D’altra parte i dati Istat evidenziano che il Made in Italy ha retto l’urto del Covid-19 soprattutto sono aumentate le esportazioni di vino e pasta. Pare stia andando bene anche la produzione del grano duro che è tornata a crescere anche grazie agli investimenti degli agricoltori trainati dal buon andamento dei prezzi e dal successo dei contratti di filiera con l’industria.

L’agricoltura si sta evolvendo e, di certo, l’arrivo di giovani preparati e con una forte motivazione è una notizia non scontata.
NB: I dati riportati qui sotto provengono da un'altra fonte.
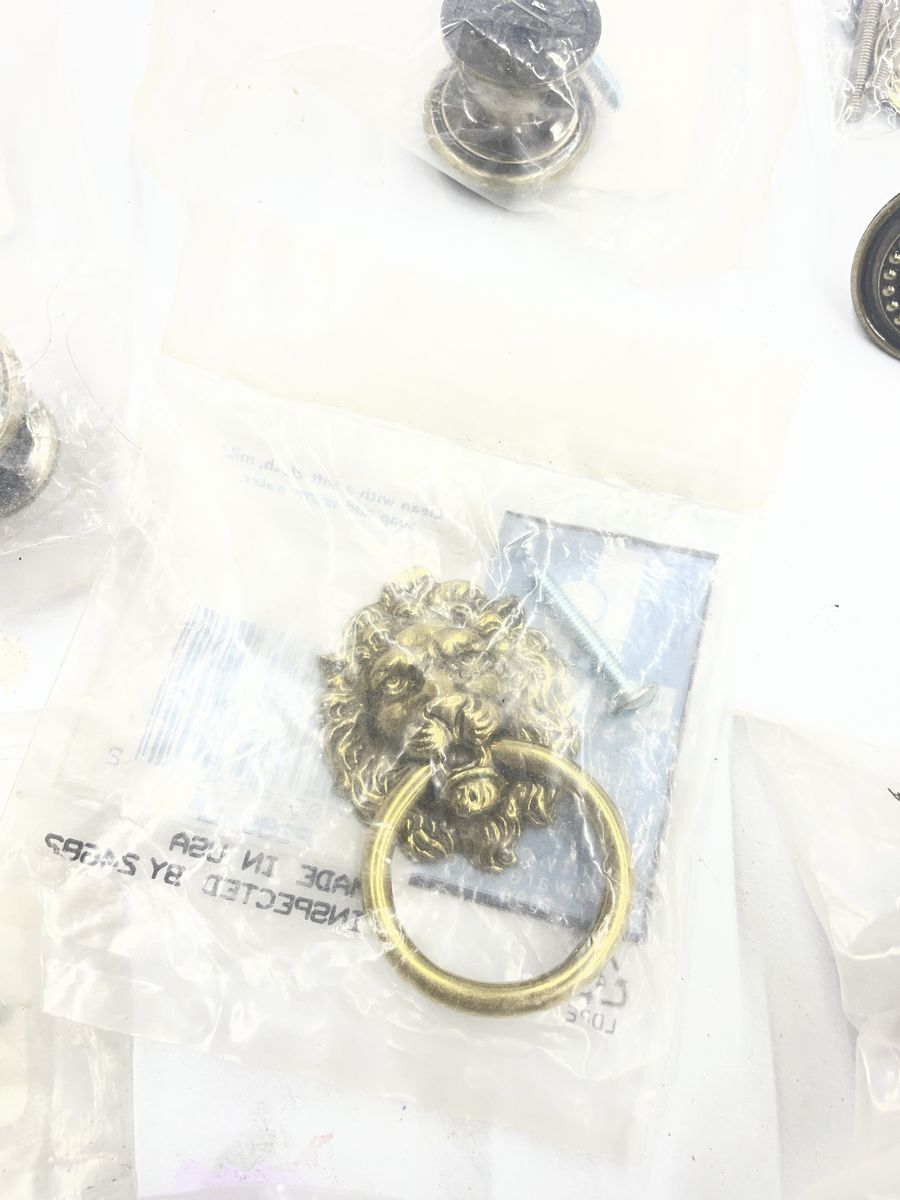 As you can see I have a limited selection of some specialty knobs left many of these brass ones are solid brass yes the very expensive ones the kind that are $10-20 each these are all new old stock my favorite is the Lyon Head pull did you see it some are wood knobs that can be finish to match your project many of these are one of a kind items that will be hard to match up to your other cabinetry so they would be best used for stand alone cabinets or custom items boxes chests etc. come make me an offer in person I don’t negotiate over the phone sorry
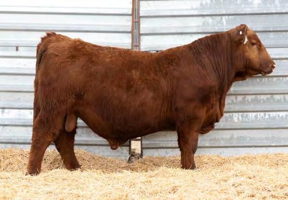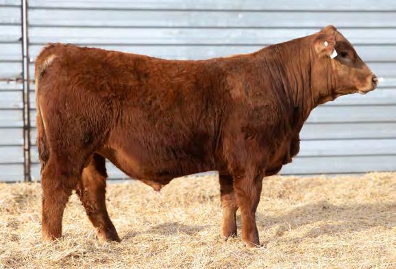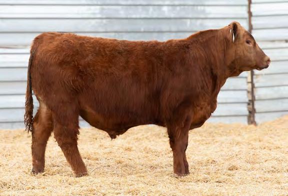 This calf has done nothing but impress us since weaning. This is one of the younger calves in the sale. He is out of a Maximus son we purchased from Biebers and used to clean up the cows. You tie in on Maximus and Hard Drive with Primrose and Rose cow families on this bull, you can’t go wrong there. He ratioed over 100 both in weaning and yearling weights.
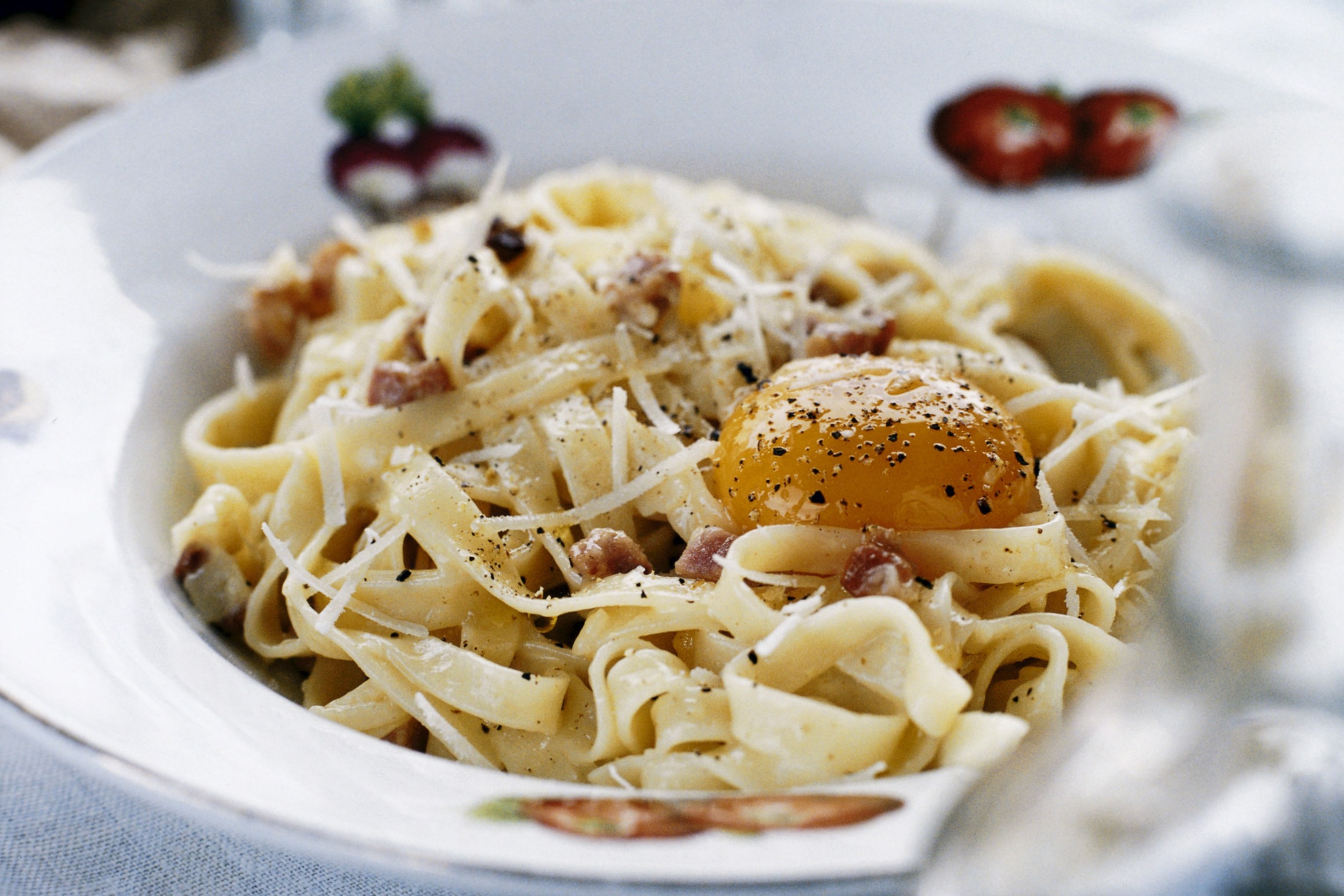 Carbonara med pasta Pappardelle. Pasta carbonara är en klassisk italienskt pastarätt med pancetta och ägg – mycket svartpeppar och parmesanost.

In effetti il mestiere del contadino è cambiato: non si tratta più di stare nei campi dalla mattina alla sera con la zappa in mano e servono veramente tante competenze per gestire un’azienda che sia rispettosa dell’ambiente e delle persone anche grazie all’uso delle tecnologie.

Come dice Carlo Petrini: “Per far sì che un ritorno alla terra sia possibile, accattivante e sostenibile, sono necessari strumenti che impediscano il divario digitale delle zone rurali, infrastrutture che combattano l’isolamento sociale e commerciale, semplificazioni burocratiche, finanziamenti che supportino chi fa del cibo uno strumento per tutelare il territorio e promuovere le tradizioni locali, e la giusta educazione per creare un tessuto sociale capace di apprezzare e supportare queste realtà come parti integranti della propria comunità”.

Ma, dice Petrini, non sono le misure straordinarie che ci possono aiutare perché “il ritorno alla terra è infatti una questione politica”. Servono, dunque, nuove politiche alimentari che non siano piegate alle basse logiche del mercato, che permettano alle piccole e medie aziende di innovarsi favorendo la sostenibilità e la cooperazione.

La grande preoccupazione, però, è quella che condividiamo con lo scienziato Stefano Mancuso: “Ogni politica seria dovrebbe avere come obbligo la messa a punto di strategie ambientali: ma l’orizzonte dei politici non va oltre la durata dei loro mandati”.

Pare che un’educazione ecologica, che riapra alla possibilità di avere politici con un’altra caratura, sia la priorità per l’uomo su questo Pianeta.